アメリカン・ミュージック・ヒストリー第7章(1960年代全般・・・その5)
(4) ソウルミュージックの台頭
ソウルミュージックは、40年代、50年代のリズムアンドブルースを受け継ぎ、その名のとおり教会の思想や魂が強く影響した音楽と言われています。背景には、キング牧師の人種差別撤廃運動や公民権運動の高まりがあったことは言うまでもないと思いますが、黒人であることの誇りや自己肯定(ブラック・イズ・ビューティフル)意識が反映された音楽と言えそうですね。
最初にソウル時代の扉を開いたといわれているレイ・チャールズ、サム・クック、アリサ・フランクリン、そしてファンクの始祖ジェイムス・ブラウンは、忘れることはできません。
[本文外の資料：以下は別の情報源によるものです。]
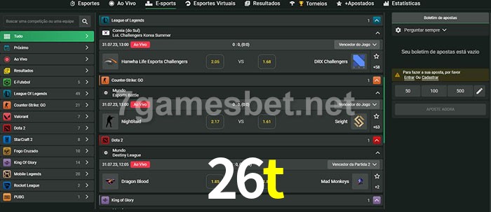 O 26t oferece uma grande seleção de opções de apostas em e-sports com probabilidades competitivas

もう一つ画期的だったのは、黒人が立ち入ることが困難だったカントリー分野にレイ・チャールズが挑み「愛さずにいられない」が、全米ポップチャート1位そしてアルバムも大ヒットし、以降黒人のカントリー曲へのアプローチが珍しくなくなりました。
こうしてみると、50年代に白人のエルヴィスが、黒人のようなリズム&ブルースを歌い(映画等で、黒人サイドからエルヴィスは、黒人のリズム&ブルースを盗みロックン・ロールとして白人の音楽にしたと、良く非難されるシーンが出てきます)、60年代は、閉鎖的だったカントリー界も長髪のロッカー(カントリー・ロック)や逆に黒人がカントリーを歌うことを受け入れ始めるようになった訳ですね。
*ノーザン・ソウル
ソウルミュージックの特徴を大きく分けると、ライト・ソウルとも呼ばれるノーザン・ソウルとディープ・ソウル或いはヘヴィー・ソウルのサザン・ソウルに分けられると思いますが、この時代を代表するノーザン・ソウルと言えばデトロイトの「モータウン」ですね。
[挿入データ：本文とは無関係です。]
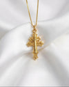 The King cross pendant blends spiritual authority with regal strength. Crafted in solid gold, this pendant features a bold cross crowned with royal detail, symbolizing the divine right to lead with wisdom and unwavering faith. A meaningful piece for those who carry both conviction and confidence, it serves as a reminder that true power is rooted in purpose.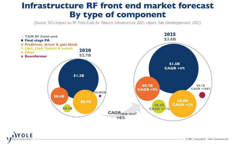 在这种趋势下,射频前端市场近几年一直保持着蓬勃发展的势头。Gartner 预测,到 2021 年底,射频前端市场规模预计将达到 170 亿美元,高于 2020 年的 140 亿美元,2019 年(5G 推出之年)至 2026 年间的复合年增长率为 8.3%,五年后射频前端市场规模将达到 210 亿美元。

スモーキー・ロビンソン、フォートップス、マーサ&ヴァンデルス、ダイアナ・ロス&スプリームス、テンプテイションズ、スティーヴィー・ワンダー、マーヴィン・ゲイ、グラディス・ナイト等で、ソウルの枠を超えたアメリカン・ポップスを代表するアーティストでもあります。
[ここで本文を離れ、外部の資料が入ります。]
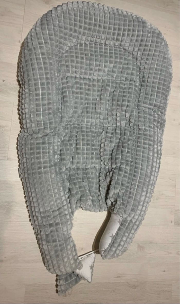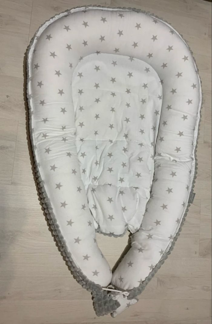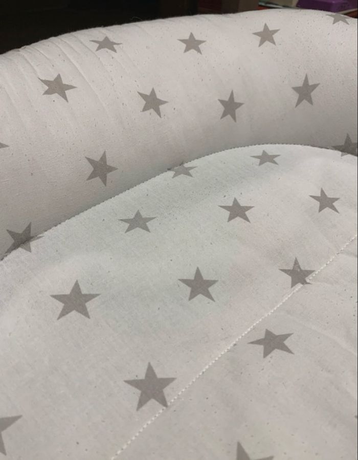 nid pour bébé , avec un motif d'étoiles grises. Conçu pour offrir un environnement douillet et sécurisant aux nouveau-nés, rappelant le ventre maternel. Idéal pour les bébés de la naissance jusqu'à environ 3 à 10 mois, selon les modèles. Peut être utilisé dans le lit parental, un parc, ou comme lit de voyage portable.

そして他にも、カーティス・メイフィールドを中心としたコーラスグループのインプレッションズやデルズが活躍したシカゴや70年代に活況を呈するフィラデルフィアも重要な拠点となっていきました。
*サザン・ソウル
一方、南部ではメンフィスの「スタックス」で、ニューヨークのアトランティックとも提携し、オーティス・レディング、サム&デイヴ、ウィルソン・ピケット等を輩出し、アラバマのマスル・ショールズを拠点とするフェイムには、アリサ・フランクリン、ソロモン・バーグ等が次々に録音に訪れました。こうしたアーティストからみてみると、サザン・ソウルは、より一層ゴスペルやブルースの要素が色濃く反映されていますね。
*ファンク
ファンクは、1960年代半ばくらいまでには、アフリカ特有の土着的なリズムをソウルに取り入れたジェイムス・ブラウンとニューオリンズに拠点を置いたアラン・トゥーサンやミーターズらの手によって原型ができたと言われています。
その後、そのリズムをバンドサウンドにしたスライ&ファミリー・ストーンの登場は、黒人、白人、女性が共存した画期的な存在となり、アース・ウインド&ファイアーは、ファンクを身近なものにしました。
その影響はジャズにも飛び火しマイルス・デイビスが「ビッチェズ・ブリュー」を発表しクロスオーヴァーに発展していきました。こうした流れに乗り、60年代後半にジョージ・クリントンが、ファンカデリック(ファンクとサイケデリックの合成語)とパーラメントという2つのバンドを結成しました。また、70年代に入ると、白人ファンクバンドが登場し、ワイルド・チェリーやアヴェレイジ・ホワイト・バンドが全米NO1ヒットを生み出していくことになります。
今回もたくさんありすぎて紹介しきれません、特に、スティーヴィー・ワンダー、マーヴィン・ゲイ、グラディス・ナイト、アース・ウインド&ファイアー等は、70年代で紹介した方が良さそうなので悪しからず。